►

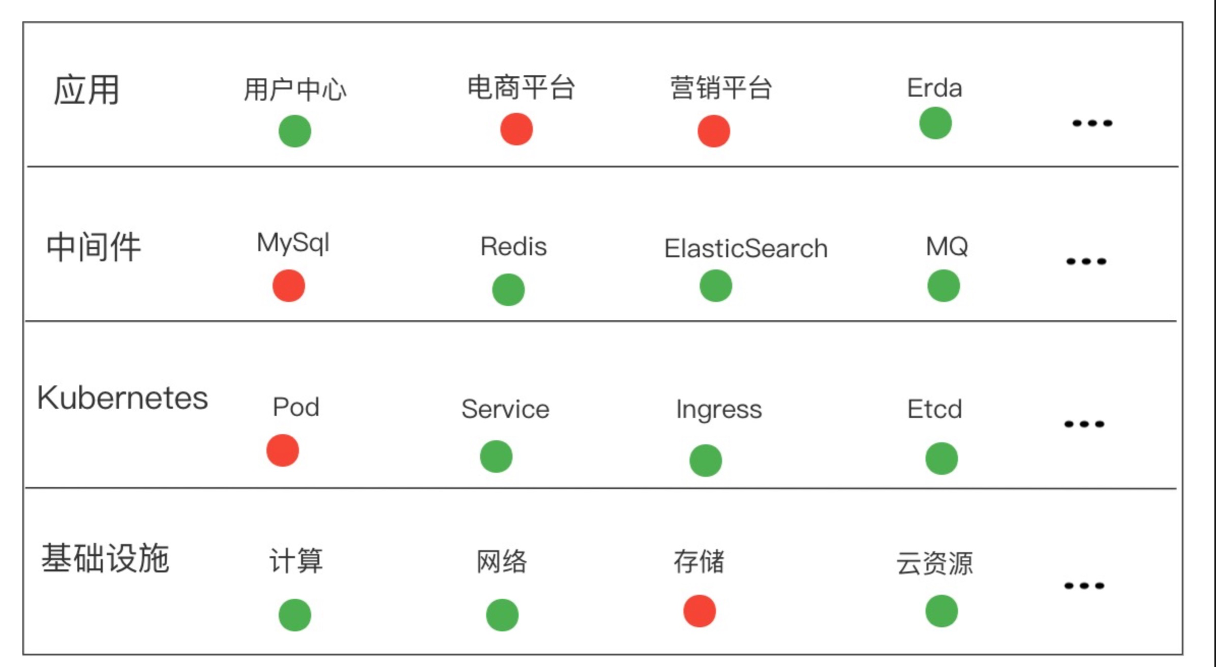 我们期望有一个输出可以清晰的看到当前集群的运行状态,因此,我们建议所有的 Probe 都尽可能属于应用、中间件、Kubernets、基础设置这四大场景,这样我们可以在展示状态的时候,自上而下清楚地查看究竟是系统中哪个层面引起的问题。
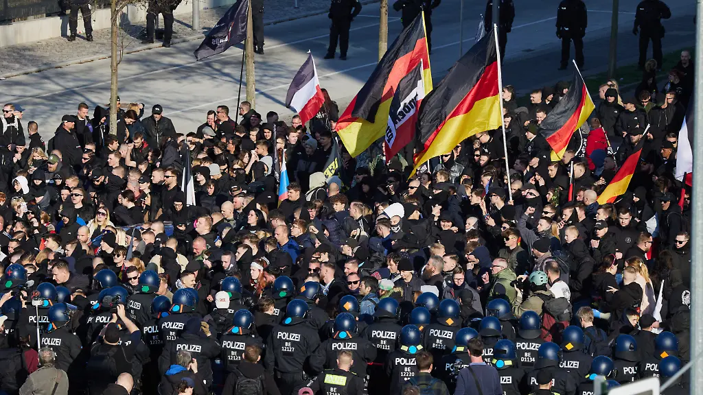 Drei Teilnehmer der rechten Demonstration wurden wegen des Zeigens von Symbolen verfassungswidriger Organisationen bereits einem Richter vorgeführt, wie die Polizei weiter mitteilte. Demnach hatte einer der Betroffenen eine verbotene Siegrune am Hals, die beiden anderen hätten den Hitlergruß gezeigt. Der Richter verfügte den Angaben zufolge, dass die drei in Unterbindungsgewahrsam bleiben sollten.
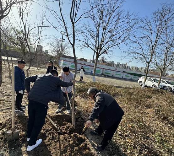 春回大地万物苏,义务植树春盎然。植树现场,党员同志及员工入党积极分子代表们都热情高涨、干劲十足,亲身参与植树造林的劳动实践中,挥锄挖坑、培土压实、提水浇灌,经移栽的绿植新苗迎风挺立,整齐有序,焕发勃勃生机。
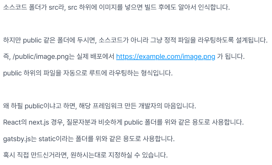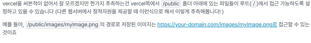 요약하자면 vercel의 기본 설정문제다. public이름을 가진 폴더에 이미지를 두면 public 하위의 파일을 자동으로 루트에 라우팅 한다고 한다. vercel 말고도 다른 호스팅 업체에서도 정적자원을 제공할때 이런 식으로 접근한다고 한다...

◄

* What to produce:
Repeat the listing above exactly, with no pictures.

* Written response:
 我们期望有一个输出可以清晰的看到当前集群的运行状态,因此,我们建议所有的 Probe 都尽可能属于应用、中间件、Kubernets、基础设置这四大场景,这样我们可以在展示状态的时候,自上而下清楚地查看究竟是系统中哪个层面引起的问题。
 Drei Teilnehmer der rechten Demonstration wurden wegen des Zeigens von Symbolen verfassungswidriger Organisationen bereits einem Richter vorgeführt, wie die Polizei weiter mitteilte. Demnach hatte einer der Betroffenen eine verbotene Siegrune am Hals, die beiden anderen hätten den Hitlergruß gezeigt. Der Richter verfügte den Angaben zufolge, dass die drei in Unterbindungsgewahrsam bleiben sollten.
 春回大地万物苏,义务植树春盎然。植树现场,党员同志及员工入党积极分子代表们都热情高涨、干劲十足,亲身参与植树造林的劳动实践中,挥锄挖坑、培土压实、提水浇灌,经移栽的绿植新苗迎风挺立,整齐有序,焕发勃勃生机。
 요약하자면 vercel의 기본 설정문제다. public이름을 가진 폴더에 이미지를 두면 public 하위의 파일을 자동으로 루트에 라우팅 한다고 한다. vercel 말고도 다른 호스팅 업체에서도 정적자원을 제공할때 이런 식으로 접근한다고 한다...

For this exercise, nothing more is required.